- _DATA EXCERPTS_:
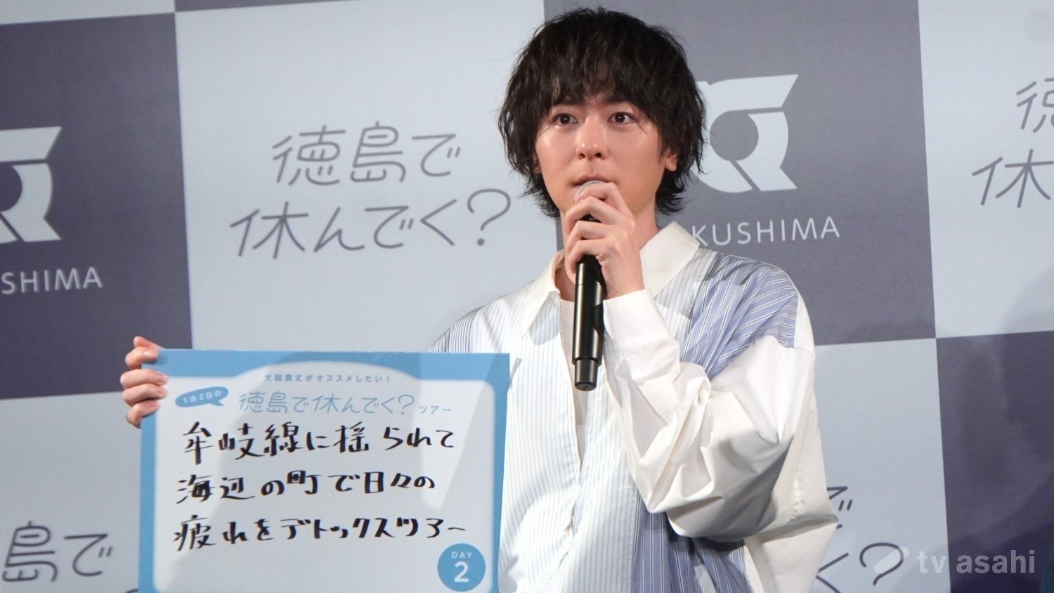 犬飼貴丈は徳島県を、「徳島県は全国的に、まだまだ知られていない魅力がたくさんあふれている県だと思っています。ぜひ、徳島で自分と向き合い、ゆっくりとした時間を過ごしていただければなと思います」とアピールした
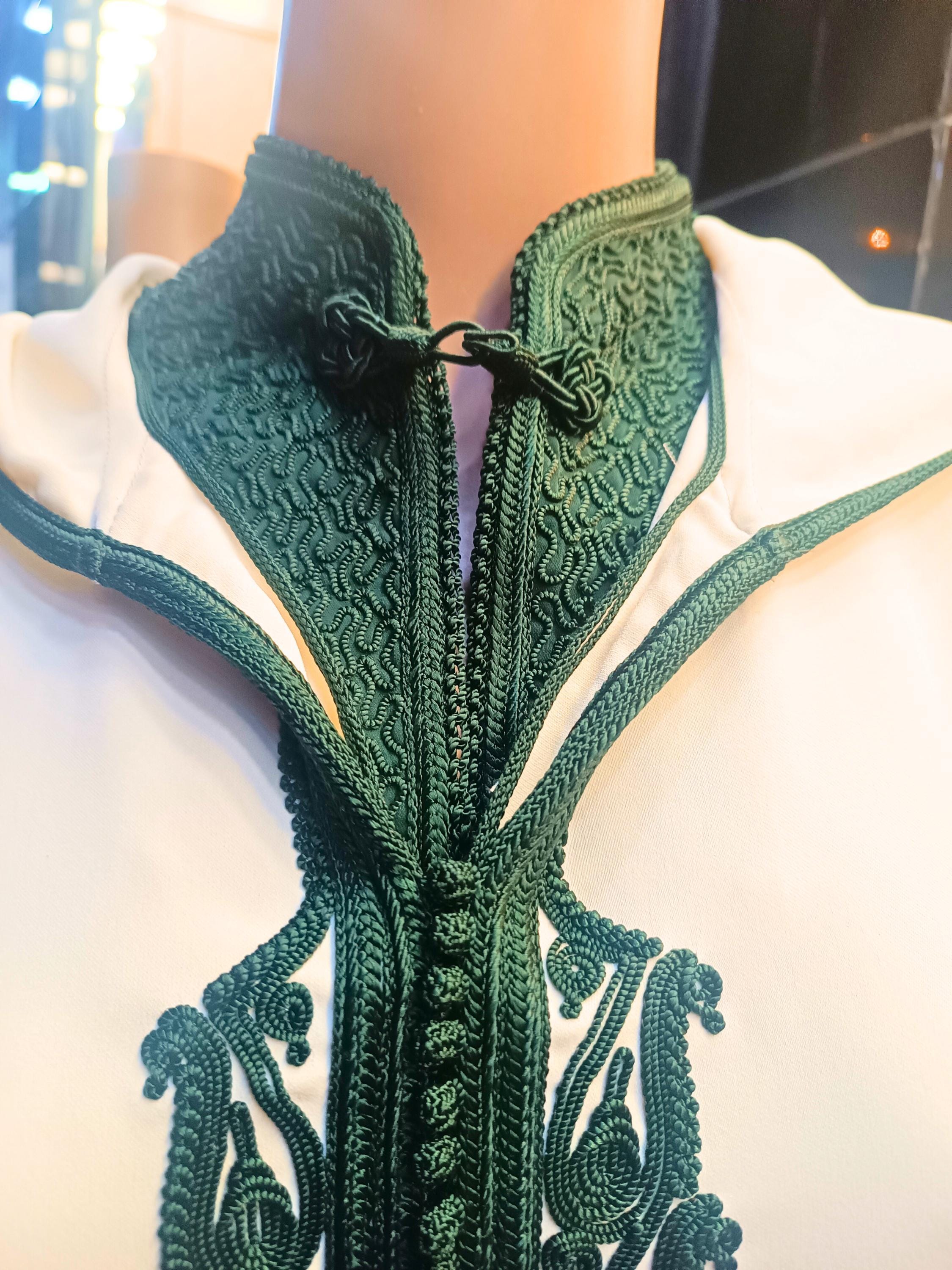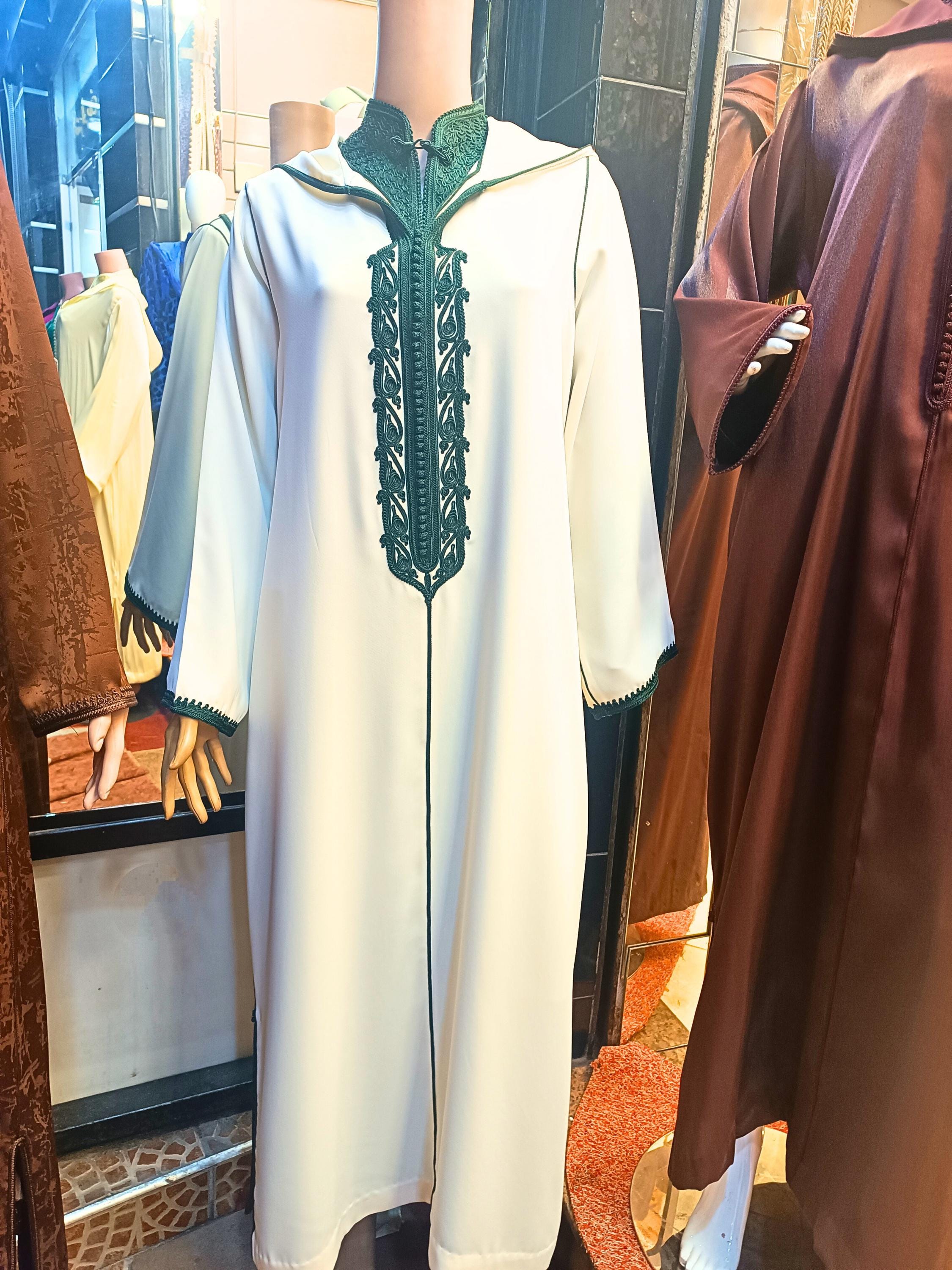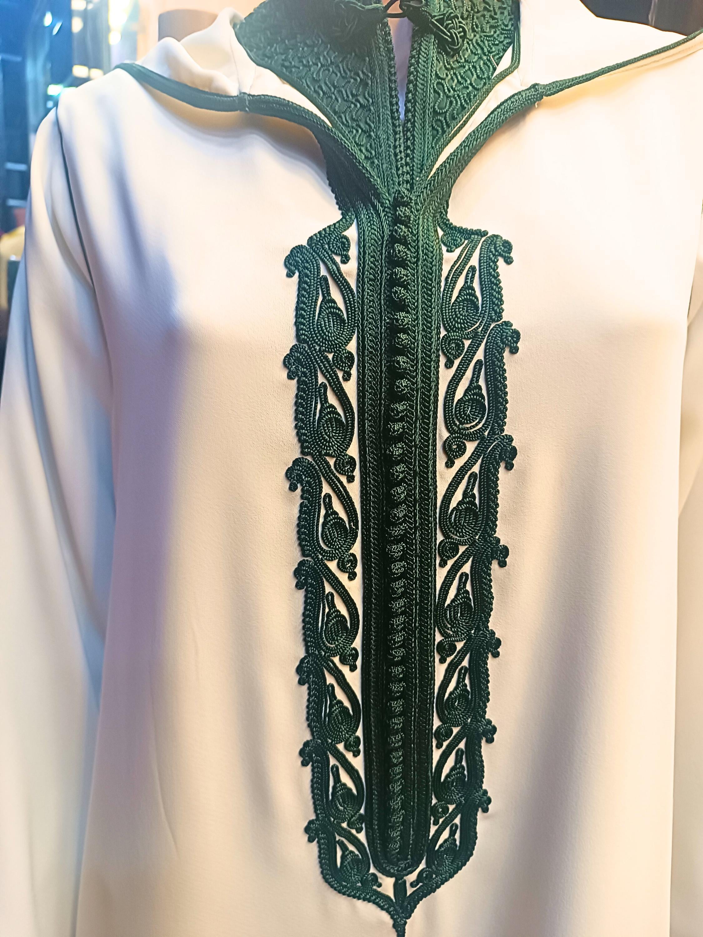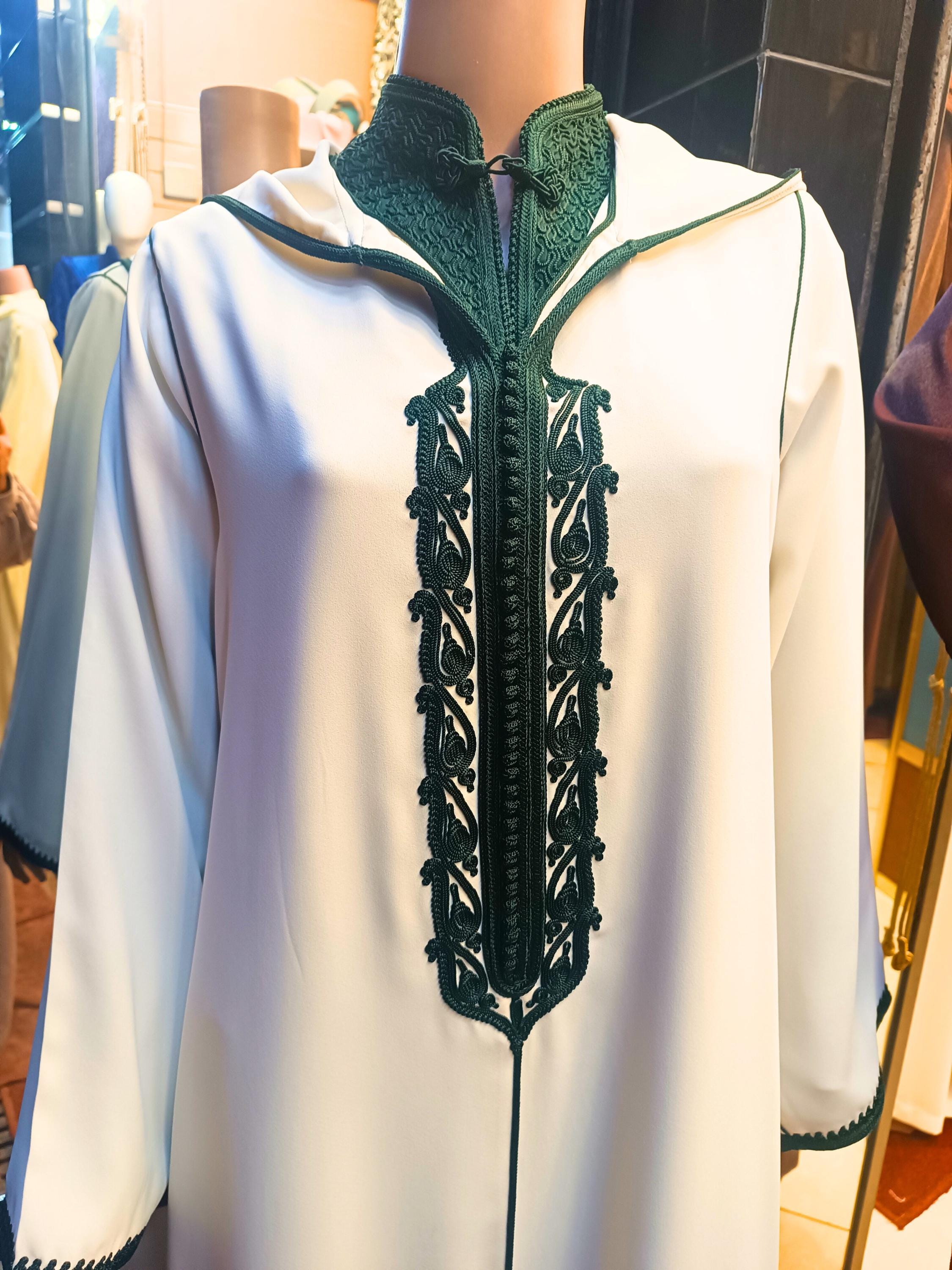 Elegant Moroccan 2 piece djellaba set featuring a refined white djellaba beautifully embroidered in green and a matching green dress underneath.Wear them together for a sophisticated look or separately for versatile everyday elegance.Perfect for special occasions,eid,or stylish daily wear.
---
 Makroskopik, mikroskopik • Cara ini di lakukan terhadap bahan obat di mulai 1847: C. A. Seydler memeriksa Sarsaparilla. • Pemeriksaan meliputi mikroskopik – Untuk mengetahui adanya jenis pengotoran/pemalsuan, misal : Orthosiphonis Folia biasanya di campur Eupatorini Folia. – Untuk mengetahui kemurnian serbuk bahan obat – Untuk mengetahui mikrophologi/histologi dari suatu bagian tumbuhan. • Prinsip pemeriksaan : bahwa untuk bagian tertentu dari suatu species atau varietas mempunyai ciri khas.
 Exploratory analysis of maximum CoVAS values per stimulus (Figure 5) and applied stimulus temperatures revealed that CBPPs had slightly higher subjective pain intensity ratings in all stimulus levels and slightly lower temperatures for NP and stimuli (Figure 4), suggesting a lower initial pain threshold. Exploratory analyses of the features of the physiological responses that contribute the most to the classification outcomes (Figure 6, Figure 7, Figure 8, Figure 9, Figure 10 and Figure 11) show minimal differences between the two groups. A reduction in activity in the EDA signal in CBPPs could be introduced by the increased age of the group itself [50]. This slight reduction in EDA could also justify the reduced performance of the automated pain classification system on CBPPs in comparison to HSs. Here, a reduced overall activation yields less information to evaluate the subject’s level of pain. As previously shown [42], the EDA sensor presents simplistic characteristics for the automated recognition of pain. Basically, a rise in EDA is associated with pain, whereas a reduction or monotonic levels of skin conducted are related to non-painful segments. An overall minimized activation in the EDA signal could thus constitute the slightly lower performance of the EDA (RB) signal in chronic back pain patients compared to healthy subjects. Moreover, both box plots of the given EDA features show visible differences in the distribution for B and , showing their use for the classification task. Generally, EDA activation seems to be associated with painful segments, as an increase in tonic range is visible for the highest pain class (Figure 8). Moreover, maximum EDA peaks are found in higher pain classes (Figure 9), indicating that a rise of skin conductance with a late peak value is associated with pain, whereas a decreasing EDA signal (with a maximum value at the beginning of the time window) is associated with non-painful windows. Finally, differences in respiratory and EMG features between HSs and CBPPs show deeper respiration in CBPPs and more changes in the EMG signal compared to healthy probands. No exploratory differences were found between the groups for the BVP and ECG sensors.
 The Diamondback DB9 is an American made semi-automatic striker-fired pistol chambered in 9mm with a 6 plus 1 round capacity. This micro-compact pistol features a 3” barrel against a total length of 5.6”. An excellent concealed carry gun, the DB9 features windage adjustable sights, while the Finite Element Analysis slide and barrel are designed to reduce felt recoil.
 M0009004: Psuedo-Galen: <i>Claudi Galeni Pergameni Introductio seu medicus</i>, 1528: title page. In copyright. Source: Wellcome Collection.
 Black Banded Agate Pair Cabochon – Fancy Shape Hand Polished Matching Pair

- _INSTRUCTIONS TO FOLLOW_: Exact duplication is required for the lines above, from the line that contains "M0009004: Psuedo-Galen: <i>Claudi" to the line that contains "Black Banded Agate", inclusive; omit all others.

- _RESULT_:
 M0009004: Psuedo-Galen: <i>Claudi Galeni Pergameni Introductio seu medicus</i>, 1528: title page. In copyright. Source: Wellcome Collection.
 Black Banded Agate Pair Cabochon – Fancy Shape Hand Polished Matching Pair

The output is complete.